Exercise requirements -> Copy all entries exactly, and wherever an entry holds a picture, leave that picture out.

(Dataset records)
————————

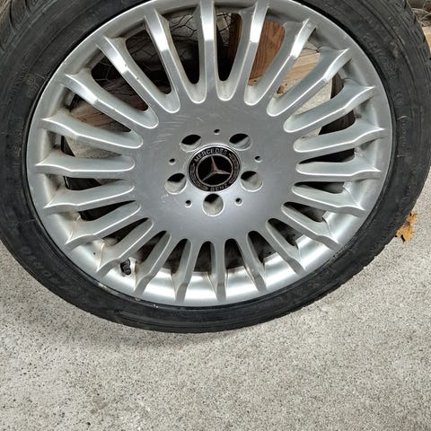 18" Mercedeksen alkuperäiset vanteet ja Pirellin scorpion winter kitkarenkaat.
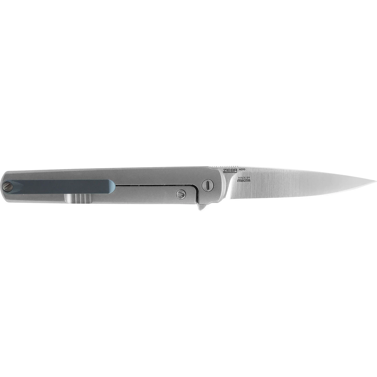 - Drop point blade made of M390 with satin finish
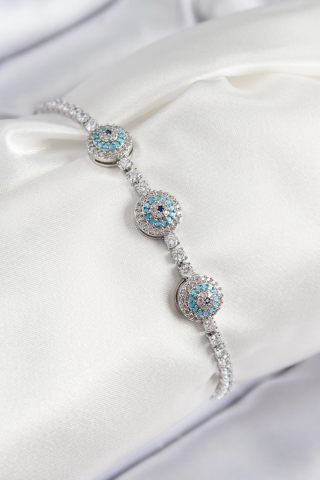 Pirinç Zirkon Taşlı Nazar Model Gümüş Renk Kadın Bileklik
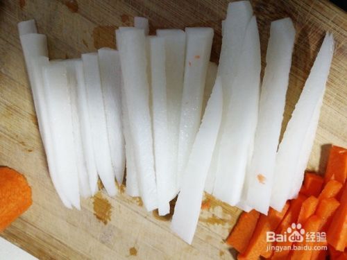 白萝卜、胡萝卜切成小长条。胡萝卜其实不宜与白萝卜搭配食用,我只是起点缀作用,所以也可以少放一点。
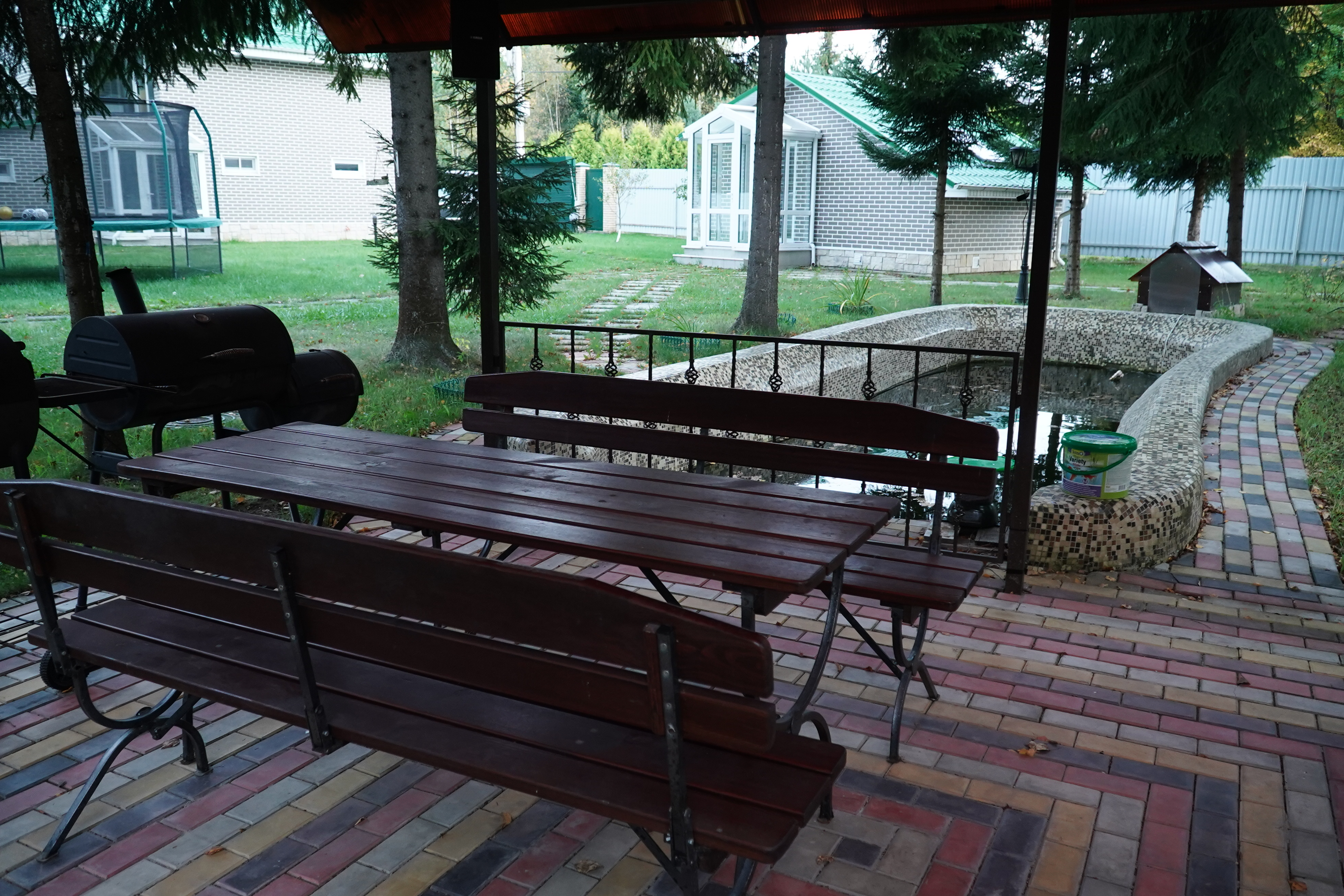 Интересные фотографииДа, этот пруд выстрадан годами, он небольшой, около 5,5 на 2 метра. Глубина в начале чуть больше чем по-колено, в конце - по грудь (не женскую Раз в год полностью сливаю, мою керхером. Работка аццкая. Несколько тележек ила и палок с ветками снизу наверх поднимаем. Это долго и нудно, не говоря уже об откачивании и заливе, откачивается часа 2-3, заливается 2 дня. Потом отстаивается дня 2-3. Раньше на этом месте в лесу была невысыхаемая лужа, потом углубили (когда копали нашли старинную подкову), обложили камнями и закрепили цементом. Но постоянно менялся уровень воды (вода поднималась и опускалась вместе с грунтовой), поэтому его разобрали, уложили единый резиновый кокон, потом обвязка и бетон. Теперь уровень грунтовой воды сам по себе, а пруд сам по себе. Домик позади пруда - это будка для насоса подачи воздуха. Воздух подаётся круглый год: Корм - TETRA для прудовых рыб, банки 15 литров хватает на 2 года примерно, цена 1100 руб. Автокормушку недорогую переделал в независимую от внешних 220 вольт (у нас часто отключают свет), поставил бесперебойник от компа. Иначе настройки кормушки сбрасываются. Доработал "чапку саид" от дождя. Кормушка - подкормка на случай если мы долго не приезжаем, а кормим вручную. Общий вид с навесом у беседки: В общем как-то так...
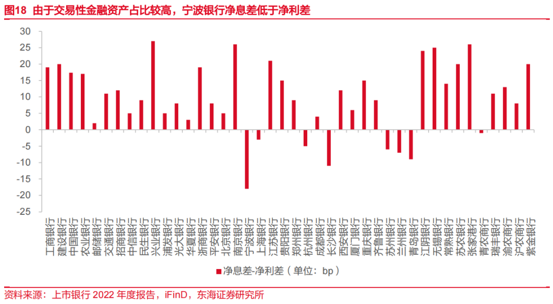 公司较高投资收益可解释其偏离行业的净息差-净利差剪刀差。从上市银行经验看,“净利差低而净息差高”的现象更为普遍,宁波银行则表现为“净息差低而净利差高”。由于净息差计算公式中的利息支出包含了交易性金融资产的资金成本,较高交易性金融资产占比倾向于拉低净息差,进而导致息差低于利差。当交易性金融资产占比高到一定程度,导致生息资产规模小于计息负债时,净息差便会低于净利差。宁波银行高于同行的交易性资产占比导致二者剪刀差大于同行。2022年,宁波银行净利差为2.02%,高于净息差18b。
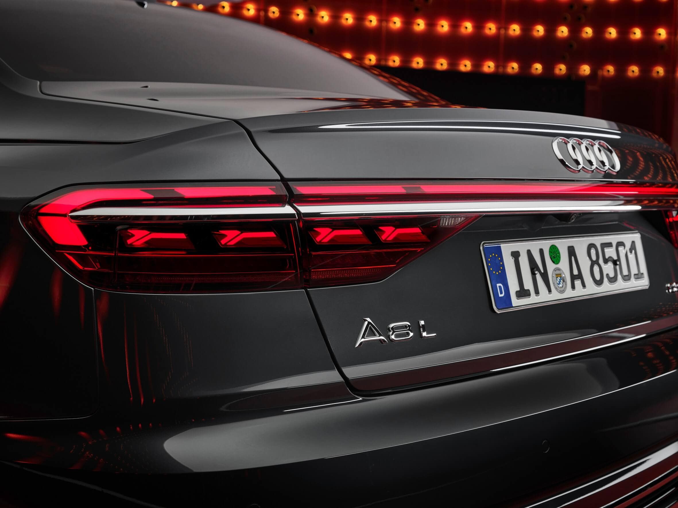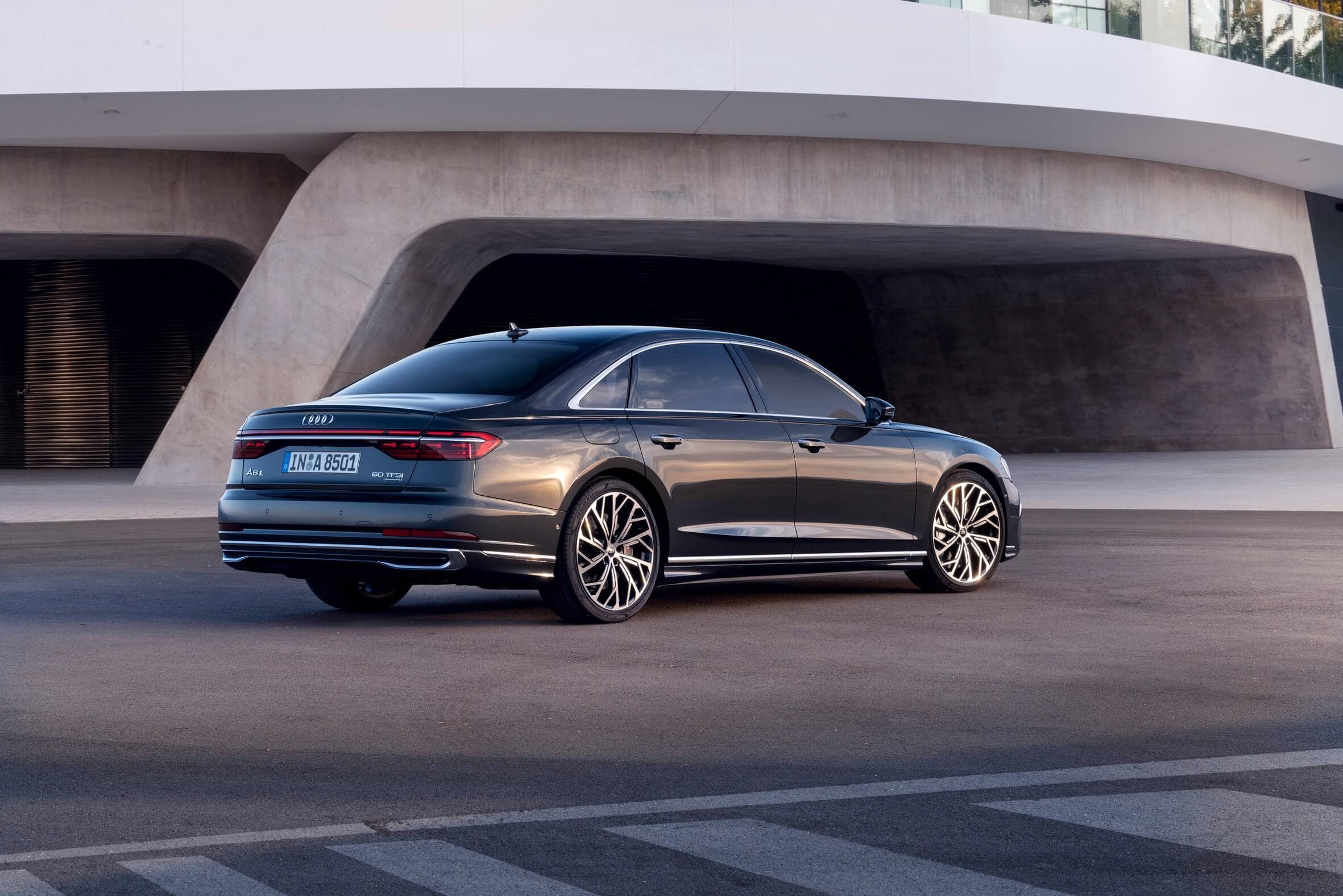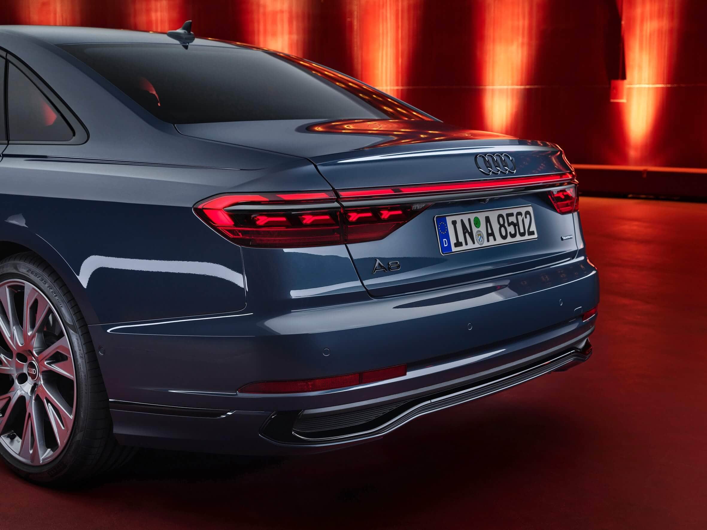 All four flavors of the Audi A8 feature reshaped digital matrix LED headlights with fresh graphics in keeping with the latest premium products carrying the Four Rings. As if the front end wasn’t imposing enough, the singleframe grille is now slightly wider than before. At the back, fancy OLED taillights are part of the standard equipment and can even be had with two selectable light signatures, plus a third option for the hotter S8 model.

————————

Reply ->
 18" Mercedeksen alkuperäiset vanteet ja Pirellin scorpion winter kitkarenkaat.
 - Drop point blade made of M390 with satin finish
 Pirinç Zirkon Taşlı Nazar Model Gümüş Renk Kadın Bileklik
 白萝卜、胡萝卜切成小长条。胡萝卜其实不宜与白萝卜搭配食用,我只是起点缀作用,所以也可以少放一点。
 Интересные фотографииДа, этот пруд выстрадан годами, он небольшой, около 5,5 на 2 метра. Глубина в начале чуть больше чем по-колено, в конце - по грудь (не женскую Раз в год полностью сливаю, мою керхером. Работка аццкая. Несколько тележек ила и палок с ветками снизу наверх поднимаем. Это долго и нудно, не говоря уже об откачивании и заливе, откачивается часа 2-3, заливается 2 дня. Потом отстаивается дня 2-3. Раньше на этом месте в лесу была невысыхаемая лужа, потом углубили (когда копали нашли старинную подкову), обложили камнями и закрепили цементом. Но постоянно менялся уровень воды (вода поднималась и опускалась вместе с грунтовой), поэтому его разобрали, уложили единый резиновый кокон, потом обвязка и бетон. Теперь уровень грунтовой воды сам по себе, а пруд сам по себе. Домик позади пруда - это будка для насоса подачи воздуха. Воздух подаётся круглый год: Корм - TETRA для прудовых рыб, банки 15 литров хватает на 2 года примерно, цена 1100 руб. Автокормушку недорогую переделал в независимую от внешних 220 вольт (у нас часто отключают свет), поставил бесперебойник от компа. Иначе настройки кормушки сбрасываются. Доработал "чапку саид" от дождя. Кормушка - подкормка на случай если мы долго не приезжаем, а кормим вручную. Общий вид с навесом у беседки: В общем как-то так...
 公司较高投资收益可解释其偏离行业的净息差-净利差剪刀差。从上市银行经验看,“净利差低而净息差高”的现象更为普遍,宁波银行则表现为“净息差低而净利差高”。由于净息差计算公式中的利息支出包含了交易性金融资产的资金成本,较高交易性金融资产占比倾向于拉低净息差,进而导致息差低于利差。当交易性金融资产占比高到一定程度,导致生息资产规模小于计息负债时,净息差便会低于净利差。宁波银行高于同行的交易性资产占比导致二者剪刀差大于同行。2022年,宁波银行净利差为2.02%,高于净息差18b。
 All four flavors of the Audi A8 feature reshaped digital matrix LED headlights with fresh graphics in keeping with the latest premium products carrying the Four Rings. As if the front end wasn’t imposing enough, the singleframe grille is now slightly wider than before. At the back, fancy OLED taillights are part of the standard equipment and can even be had with two selectable light signatures, plus a third option for the hotter S8 model.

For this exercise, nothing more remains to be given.